I have extended a SurfaceView for displaying the camera feed for a very simple camera application. To find the optimal preview size for each device, I used this sample code which is used in almost all the open source camera apps I have seen:
List<Camera.Size> sizes = parameters.getSupportedPreviewSizes();
double minDiff = Double.MAX_VALUE;
for (Camera.Size size : sizes) {
if (Math.abs(size.width - width) < minDiff) {
screenWidth = size.width;
screenHeight = size.height;
minDiff = Math.abs(size.width - width);
}
}
Everything works perfectly up to this point.
Now, due to the nature of the application, I have to keep two bitmaps in the memory during the course of a session and for the sake of simplicity(avoiding memory issues during testing) I used the same code for the PICTURE SIZE(replaced the getSupportedPreviewSizes() with getSupportedPictureSizes()). Everything works great on most of the devices though I have to decide some other way to choose the optimum picture size for each device.
Recently, while testing on an Nexus 4 device, this above loop failed in choosing the optimum picture size. Upon investigation, I found out that the getSupportedPictureSizes() functions returns a value i.e 1280*960 which is not actually supported by the Nexus 4 camera. So, how does one solve this issue? I mean, isn't this function supposed to ONLY return those values which the CAMERA of the device supports? I am sure there will be other devices with the same issue which I won't be able to test on. Any clues as to how this issue should be resolved?
UPDATE:
Whats happening is that it accepts the wrong parameter without any error and the image that it returns is distorted, I will try to get a picture here as well. Also, there are no runtime exceptions.
I have the same problem on an LG Lucid (model number VS840 4G).
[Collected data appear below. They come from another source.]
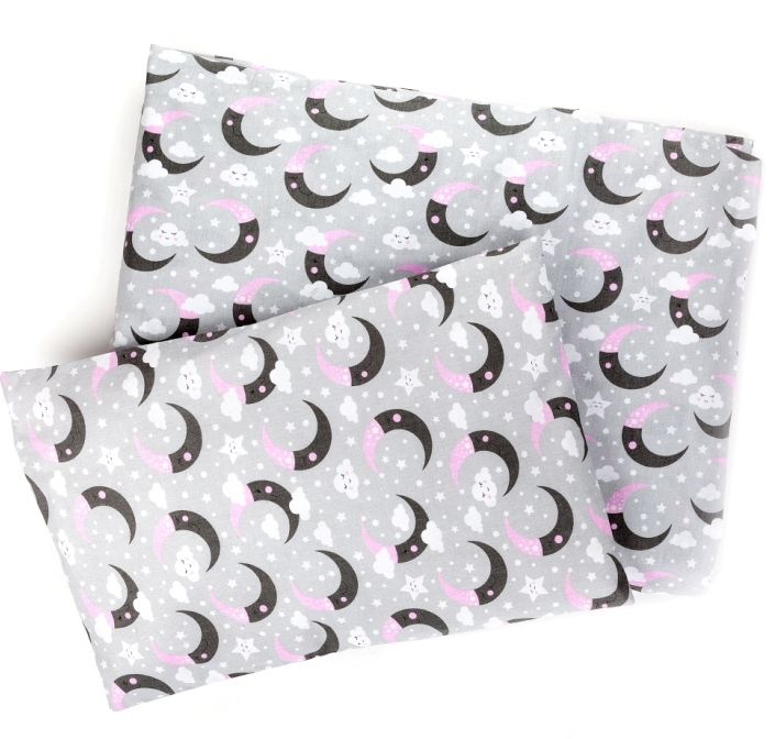 Bērnu gultas veļa šūpulim 80x70cm "Moon" ar rozā zvaigznēm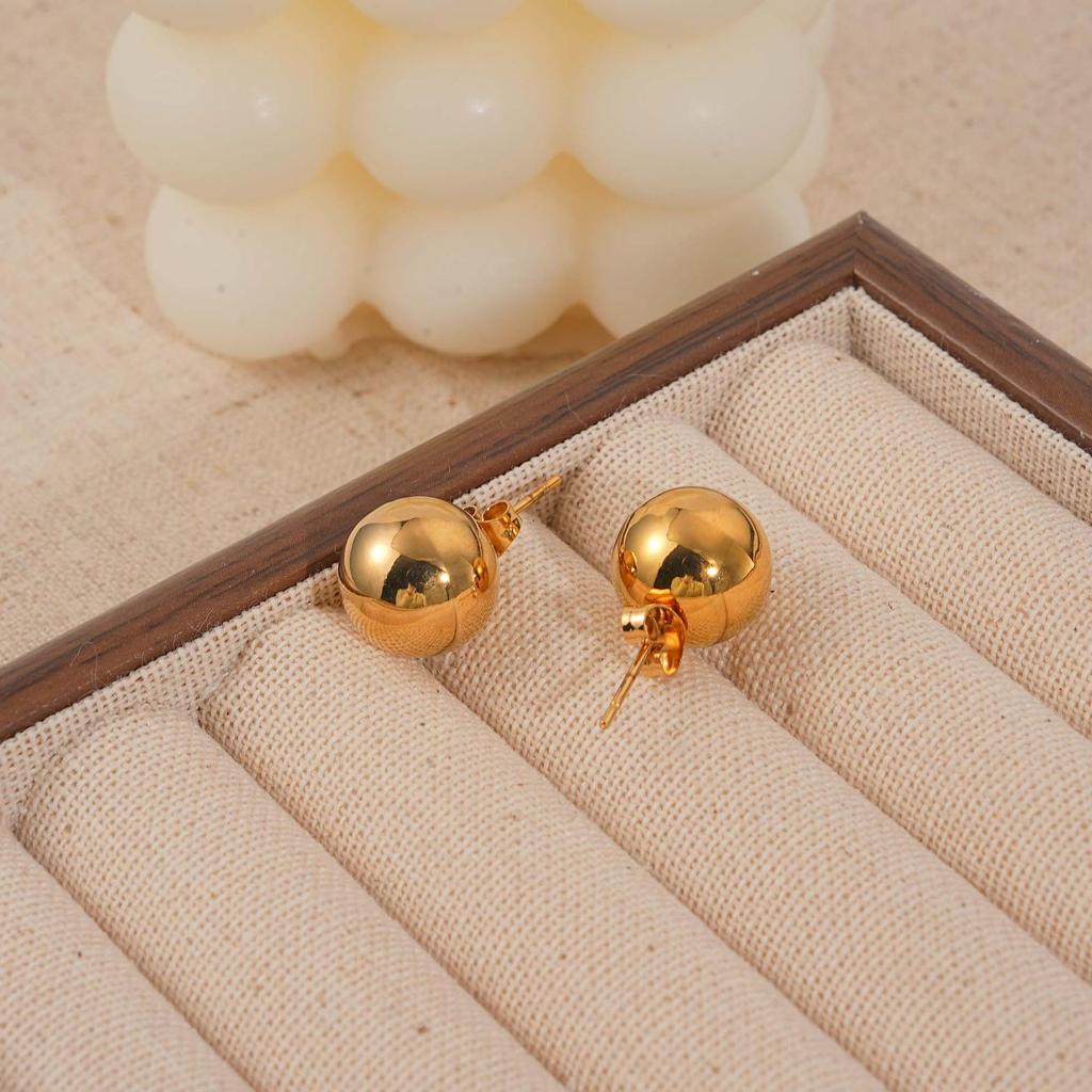 18K Gold Plated Titanium Steel Round Bead Stud Earrings for Girls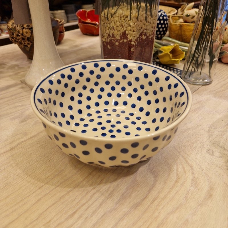 Aus der Reihe der großen Schüsseln, ist diese vielseitig einsetzbare Schüssel. Diese große Schüssel (O24 cm) ist außen in ihrer Form dezent mit Wellen verziert. Ihre schöne Innenbemalung macht sie noch interessanter. Resümee: eine haltbare und vielseitig einsetzbare, hochwertige Schüssel, die auch auf dem Tisch ein Hingucker ist.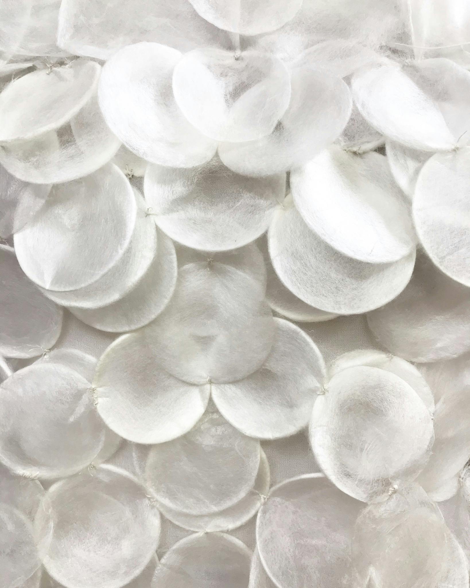 ・ARAKI SHIROのファッションショーで衣装に使われた「真綿×ナノセル素材 1枚+真綿1枚のセット」(※黄色の繭から真綿を作製するため、黄色の素材の場合がありますが、繭本来の色ですので、ご了承ください。)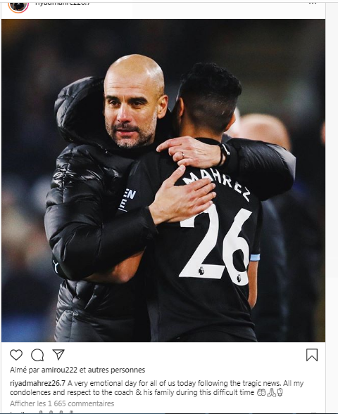 قدم اللاعب الدولي الجزائري رياض محرز تعازيه الخالصة لعائلة مدربه بيب غوارديولا الذي فقد والدته اليوم الإثنين متأثرة بفيروس كورونا المستجد.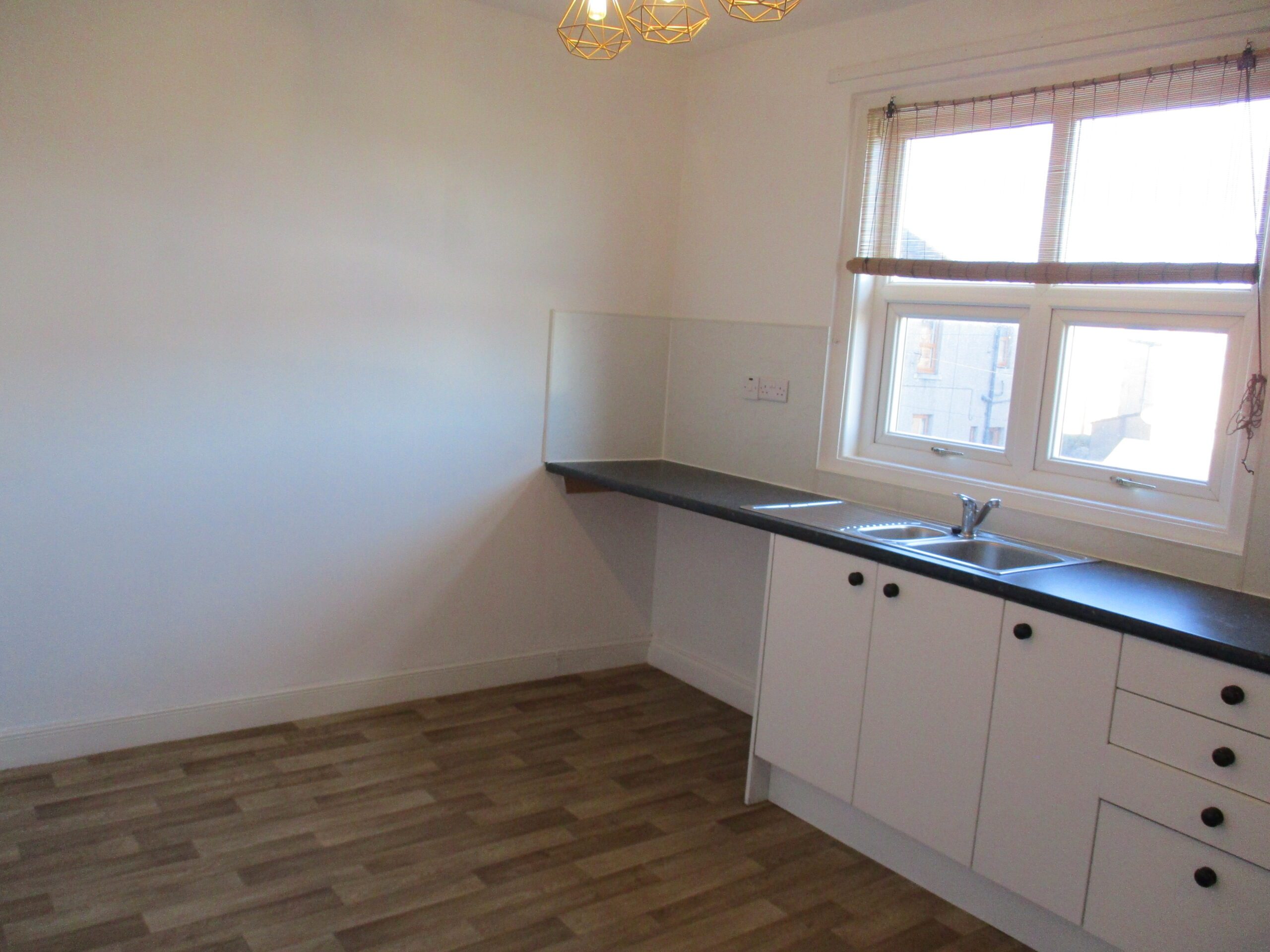 Modern wall and base units incorporating a single drainer sink unit with vegetable compartment and chrome single lever mixer tap. Built-in electric hob, oven and chrome chimney hood extractor. Complimentary worksurface areas and upstands.  Plumbed for washing machine,  Space for tumble dryer and fridge/freezer.  Three light ceiling cage fixture.   Double glazed window to the rear elevation.  Daylight roller blind. Newly fitted vinyl flooring.  Radiator with thermostatic valve.
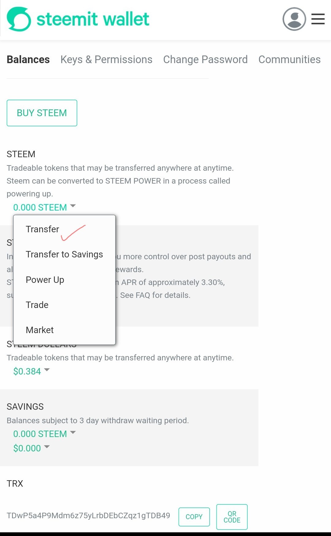 Go to Steem which is transferable as it is said to be in liquid form. Click on the small arrow for a drop-down of information then select 'Transfer'. Please see image A below.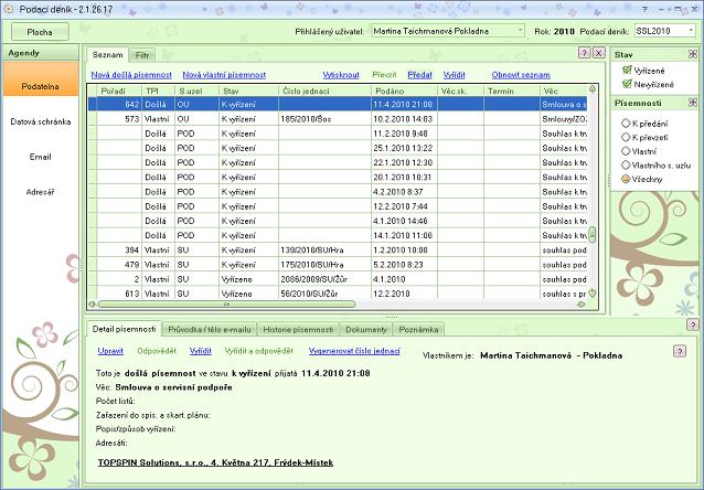 O programu Podací deník: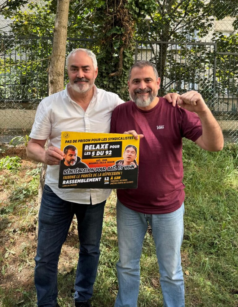 A Parigi, tra gennaio e luglio 2014, si è svolto lo sciopero dei postini di «La Poste» (azienda postale nazionale francese) contro i contratti precari dei lavoratori e la “ristrutturazione”. Durante lo sciopero, i compagni Gaël, Yann e altri tre postini in rappresentanza del sindacato SUD e in solidarietà con la lotta si sono presentati due volte alla delegazione sociale dell’azienda. Ora, undici anni dopo, in un chiaro segno di persecuzione sindacale e nel tentativo di limitare il diritto di protesta e di sciopero, sono stati licenziati e accusati di “violenza” e “violazione di domicilio professionale”, per cui potrebbero essere condannati a 5 anni di carcere e 75.000 euro di multa.

Basically, getSupportedPictureSizes()
returns these sizes:
Size Aspect Ratio
2560x1920 (1.3333333333333333)
3072x1728 (1.7777777777777777)
2048x1536 (1.3333333333333333)
2304x1296 (1.7777777777777777)
1536x864 (1.7777777777777777)
1280x960 (1.3333333333333333)
640x480 (1.3333333333333333)
If we call setPictureSize()
with any of the sizes with a 1.7 aspect ratio, the camera hardware throws no errors, but it returns an image that is distorted:
I tried a number of techniques to get the camera driver to admit this size was not really supported, including checking the result of getPictureSize()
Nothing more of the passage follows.